(EXERCISE OBJECTIVE): Set down every line from the one with "2011 TOYOTA SIENNA" to the end of the entries, both ends included, exactly as it reads and without pictures.

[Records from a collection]
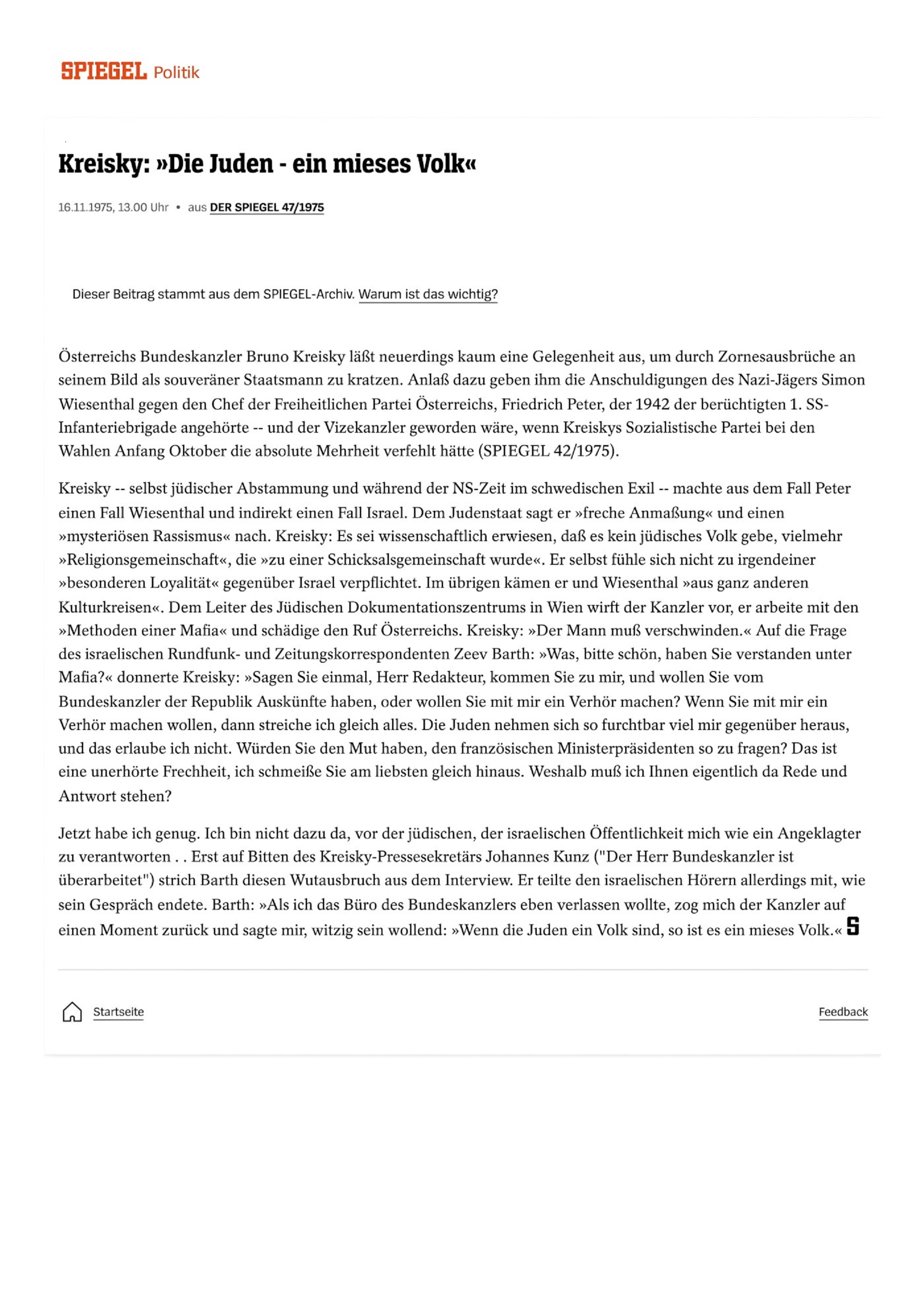 1975 wies der Bundeskanzler von Österreich den israelischen Rundfunk- und Zeitungskorrespondenten Zeev Barth in die Schranken, als dieser frech und anmaßend wurde. Das Magazin Der Spiegel berichtet darüber. Gerade in Zeiten, wo es scheint, nur mehr korrupte und substanzlose Politikmarionetten zu geben, ist es ein guter Anlass, dieses Stück wieder aus dem Archiv zu holen und die jüngere Generation davon in Kenntnis zu setzen.
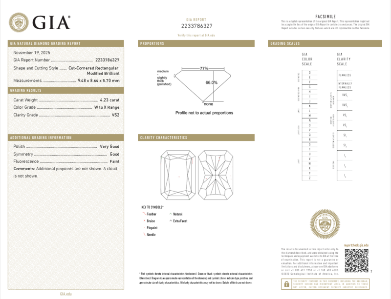 GIA, 2025, Report No. 2233786327, 4.23 carats, W-X color, VS2 clarity, Faint fluorescence
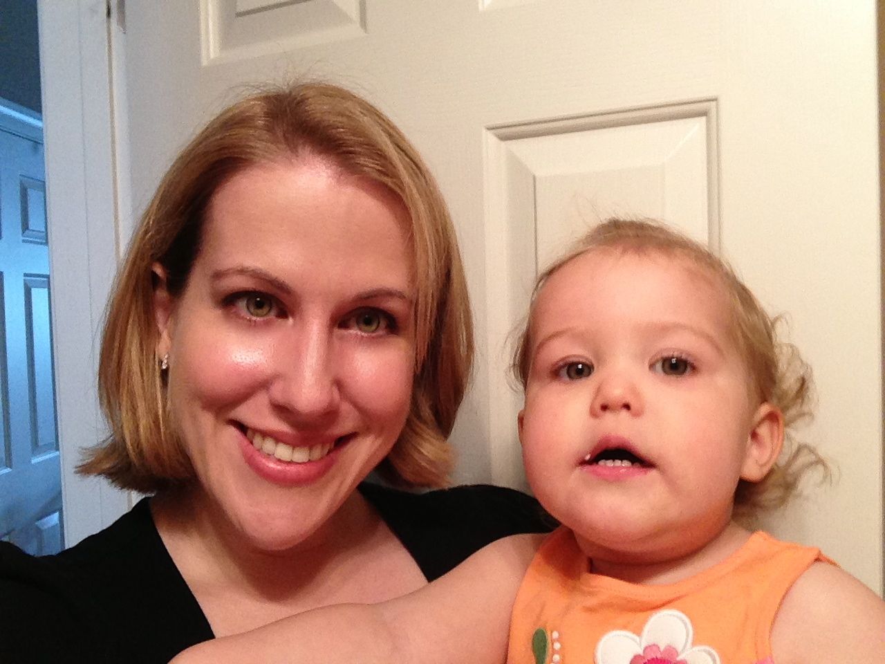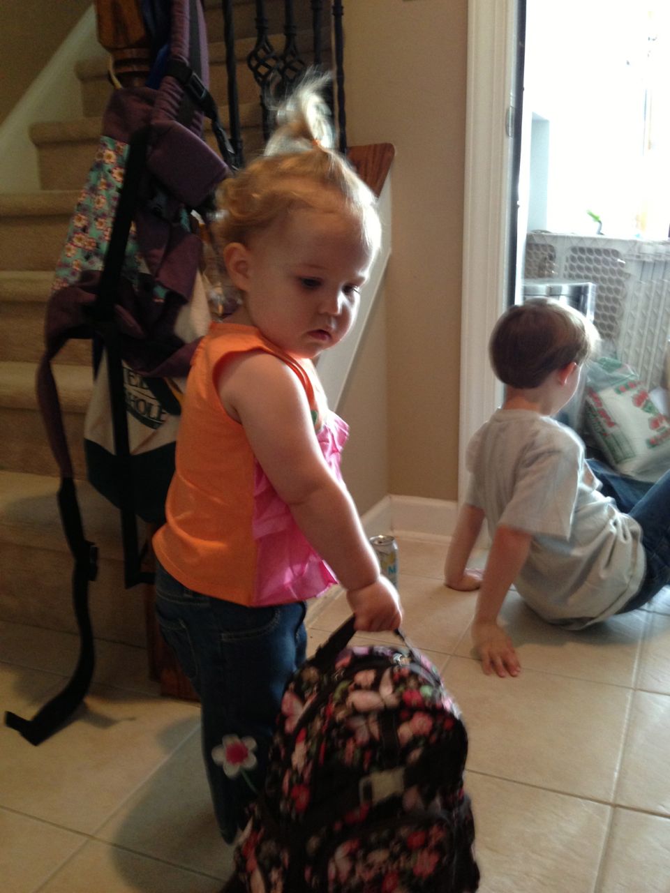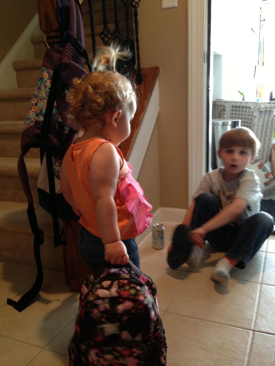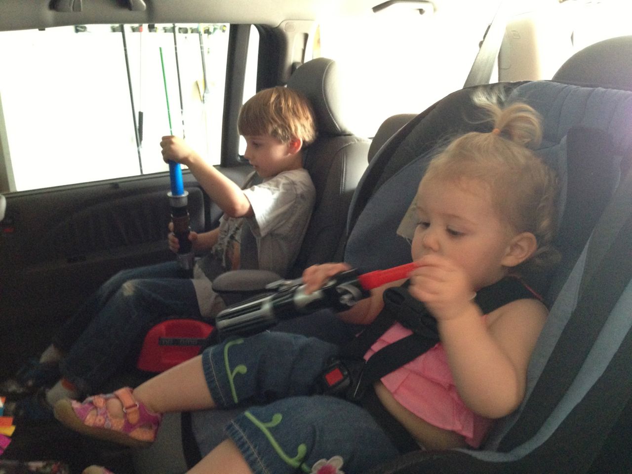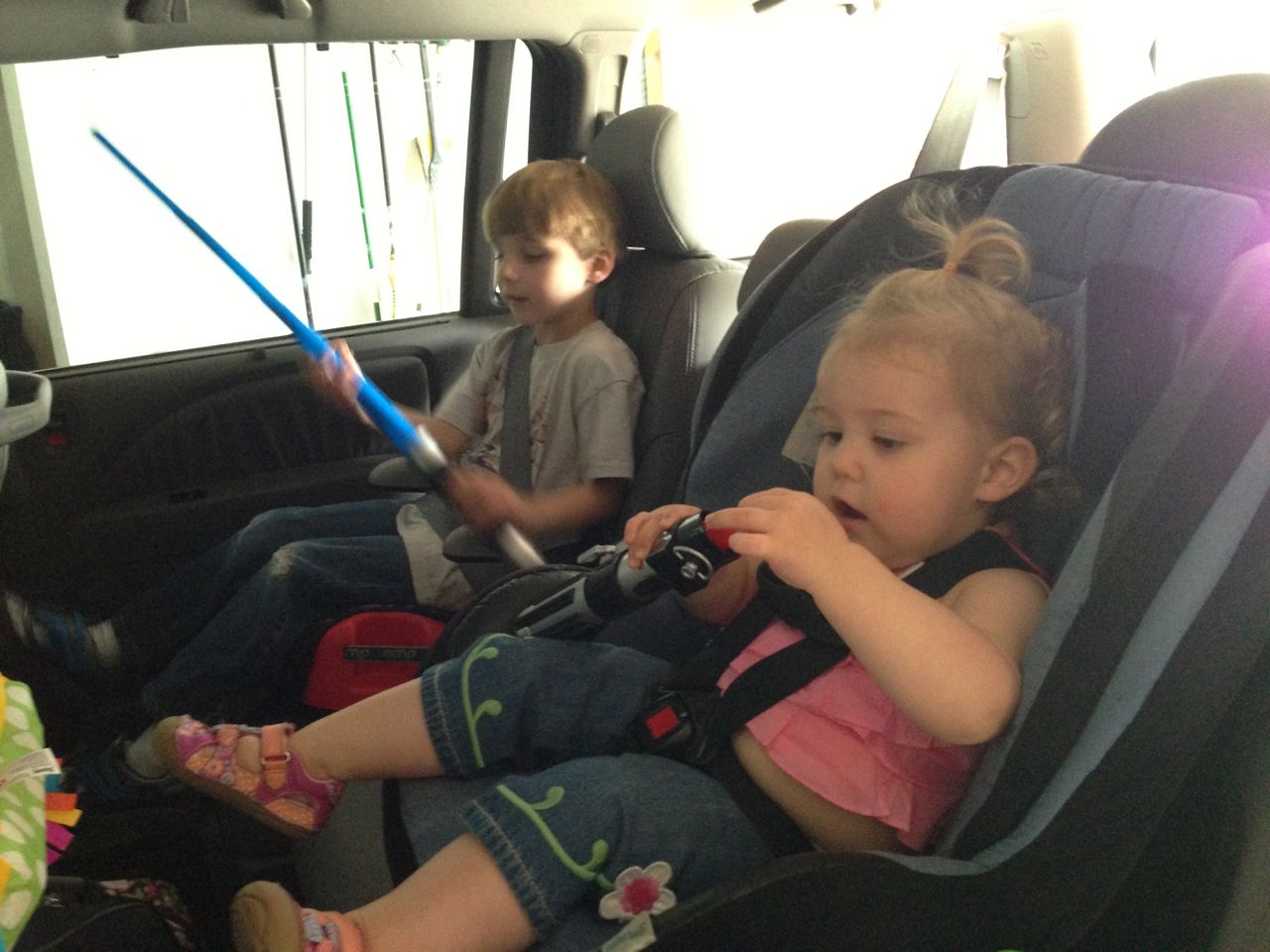 Sometimes, a lightsaber battle has to continue the next morning..  And even into the car. 😉  The kids are really happy about having two of them now!  Kendall’s hair is long enough that I need to put it up in the morning–she doesn’t always have much patience for this, though, and tends to pull out her “hairbow” almost as soon as I put it in.  One way to get her to leave it in is to immediately run into the bathroom to show her what she looks like in the mirror.  She smiles once she sees herself, and then is happy enough to leave her hair alone!  Kendall also likes to carry her own backpack these days, either holding by the handle or wearing it.  She always gets such reactions at school when she does, about how cute she is, with a backpack just her size!
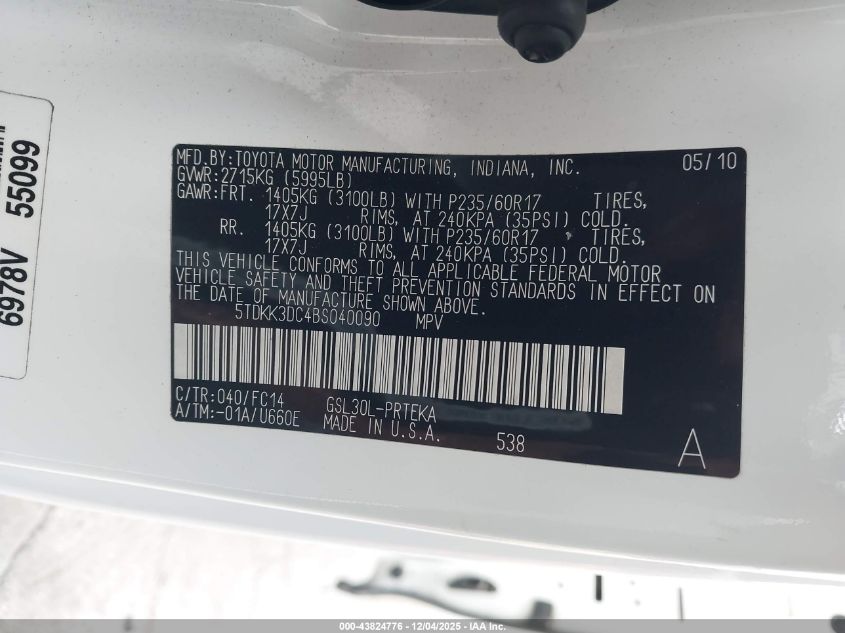 2011 TOYOTA SIENNA 2011 року Бензин, 3.5, Передний привод, vin - 5TDKK3DC4BS040090 из США
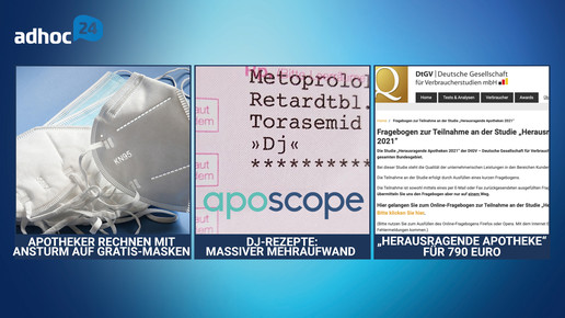 Ab morgen gibt es Gratis-Masken in 140 Apotheken in Bremen und Bremerhaven – die Apothekeninhaber rechnen mit einem großen Ansturm. Eine aposcope-Umfrage zeigt auf, dass die neu eingeführten Dj-Verordnungen für einen massiven Mehraufwand in den Apotheken sorgen. Lebensmittel zur bilanzierten Diät sollen fortan in den Regelleistungskatalog der Krankenkassen aufgenommen werden. Und für 790 Euro können sich Apotheken als „herausragend“ betiteln lassen. Diese und weitere wichtige Meldungen des Tages bei adhoc24.

(TASK RESULT):
 2011 TOYOTA SIENNA 2011 року Бензин, 3.5, Передний привод, vin - 5TDKK3DC4BS040090 из США
 Ab morgen gibt es Gratis-Masken in 140 Apotheken in Bremen und Bremerhaven – die Apothekeninhaber rechnen mit einem großen Ansturm. Eine aposcope-Umfrage zeigt auf, dass die neu eingeführten Dj-Verordnungen für einen massiven Mehraufwand in den Apotheken sorgen. Lebensmittel zur bilanzierten Diät sollen fortan in den Regelleistungskatalog der Krankenkassen aufgenommen werden. Und für 790 Euro können sich Apotheken als „herausragend“ betiteln lassen. Diese und weitere wichtige Meldungen des Tages bei adhoc24.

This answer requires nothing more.